Session: 704. Cellular Immunotherapies: Early Phase and Investigational Therapies: Poster I
Patients (pts) with multiple myeloma (MM) have a higher risk of progression/death following an inadequate response to frontline ASCT (van de Velde Eur J Haematol 2017). Therapies (Tx) with novel mechanisms of action may further improve response outcomes. Ide-cel previously demonstrated frequent, deep, and durable responses in KarMMa (Munshi N Engl J Med 2021) and significantly improved median progression-free survival (PFS) and overall response rate (ORR) versus standard regimens in KarMMa-3 (Rodríguez-Otero N Engl J Med 2023) in pts with triple-class–exposed relapsed and refractory MM. KarMMa-2 (NCT03601078) is a multicohort, phase 2, multicenter trial evaluating the efficacy and safety of ide-cel in pts with MM; cohort 2c included pts with NDMM who had an inadequate response to frontline Tx with ASCT. In cohort 2c, with a median follow-up of 27.9 months, ide-cel demonstrated deep and durable responses; complete response (CR) rate was 74.2% (ORR, 87.1%), with a 24-month PFS rate of 83.1% (Dhodapkar Blood 2022). Here, we report results with an additional 11.5 months of median follow-up for updated efficacy and safety data, and health-related quality of life (HRQoL) outcomes in cohort 2c.
Methods
Eligible pts had NDMM, received ≥ 3 cycles of induction Tx (including a proteasome inhibitor, an immunomodulatory agent, and dexamethasone), had < very good partial response (VGPR) 70–110 days after ASCT (single/tandem), and had Eastern Cooperative Oncology Group performance status ≤ 1. Pts received a single infusion of ide-cel (dose range: 150–450 × 106 CAR+ T cells) after lymphodepletion and could receive maintenance Tx post-infusion at investigator’s discretion. The primary endpoint CR rate and secondary endpoints ORR, duration of response (DOR), PFS, overall survival (OS), safety, and patient-reported outcomes on HRQoL, assessed via European Organization for Research and Treatment of Cancer (EORTC) Quality of Life Core 30 Questionnaire (QLQ-C30) and EORTC Quality of Life Multiple Myeloma Module 20 Questionnaire (QLQ-MY20), are reported.
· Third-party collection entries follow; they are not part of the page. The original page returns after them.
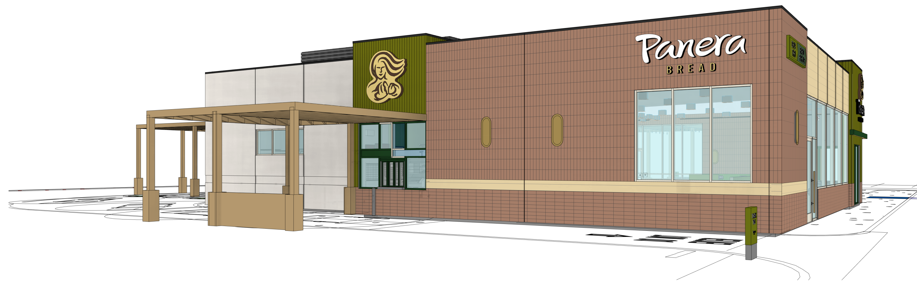
2 | EXTERIOR VIEW AT DRIVE THRU
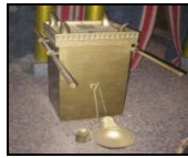
Altar of Incense

Prayer: Psalms 18:1-4 To the chief Musician, A Psalm of David, the servant of the LORD, who spake unto the LORD the words of this song in the day that the LORD delivered him from the hand of all his enemies, and from the hand of Saul: And he said, I will love thee, O LORD, my strength. (2) The LORD is my rock, and my fortress, and my deliverer; my God, my strength, in whom I will trust; my buckler, and the horn of my salvation, and my high tower. (3) I will call upon the LORD, who is worthy to be praised: so shall I be saved from mine enemies. (4) The sorrows of death compassed me, and the floods of ungodly men made me afraid.
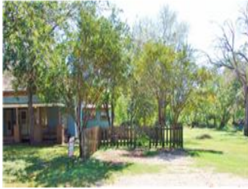
Additional parking space

Data Not Verified/Guaranteed by MLS Obtain signed HAR Broker Notice to Buyer Form
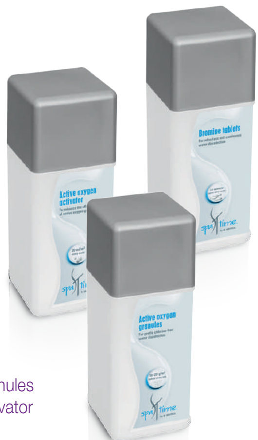
Bromine tablets Active oxygen granules Active oxygen activator

To increase the effectiveness of the granules, use them together with the Active oxygen activator .
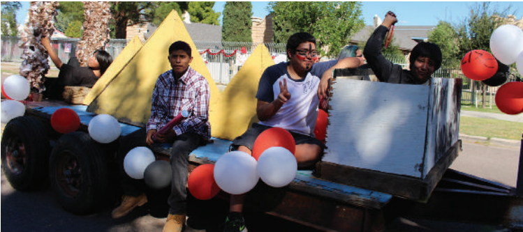
Homecoming Parade - Senior Float
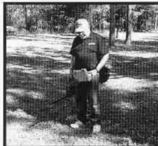
The author is shown here first setting the grid and then walking it using the Mini unit. Once recorded, the grid findings can then be saved for future reference.

Like most detectorists, I had often dreamed of "seeing" into the ground. The Arc-Geo Logger was about to open up new areas I had put on the back burner
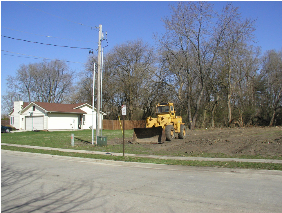
916 W. Eads St.

The exploratory endpoint of minimal residual disease (MRD) negativity (sensitivity, 10-5) is also reported.
Results
At data cutoff (May 3, 2023), with a median follow-up of 39.4 (range, 31.6–44.7) months, all 31 pts who were infused with ide-cel were alive; 28 (90.3%) remained in follow-up, with 3 (9.7%) having discontinued due to disease progression. The ORR and CR rates were 87.1% and 77.4%, respectively (Table); best overall response in 1 pt improved from VGPR to stringent CR. The median DOR was not reached (NR; 95% CI, NR–NR), neither was median PFS (95% CI, 38.0–NR) or median OS (95% CI, NR–NR); the 36-month event-free rates were 80.9%, 76.8%, and 100.0%, respectively. In pts who did not receive lenalidomide (LEN) maintenance, 9 (29.0%) had disease progression; of the 8 pts who received LEN maintenance post ide-cel infusion, none experienced disease progression. At 36 months, MRD negativity was confirmed in 9/14 (64.3%) evaluable pts; all 9 achieved ≥ CR.
In this extended follow-up, safety results were generally consistent with the previous data cutoff. All pts experienced ≥ 1 any-grade adverse event (AE), most commonly hematologic, including neutropenia (80.6%), anemia (38.7%), leukopenia (32.3%), and thrombocytopenia (29.0%); infection and infestation AEs occurred in 74.2% of pts. No grade 5 AEs were reported. Incidence of any-grade cytokine release syndrome (58.1%; no grade ≥ 3) was unchanged and there were no additional reports of parkinsonism since the previous report.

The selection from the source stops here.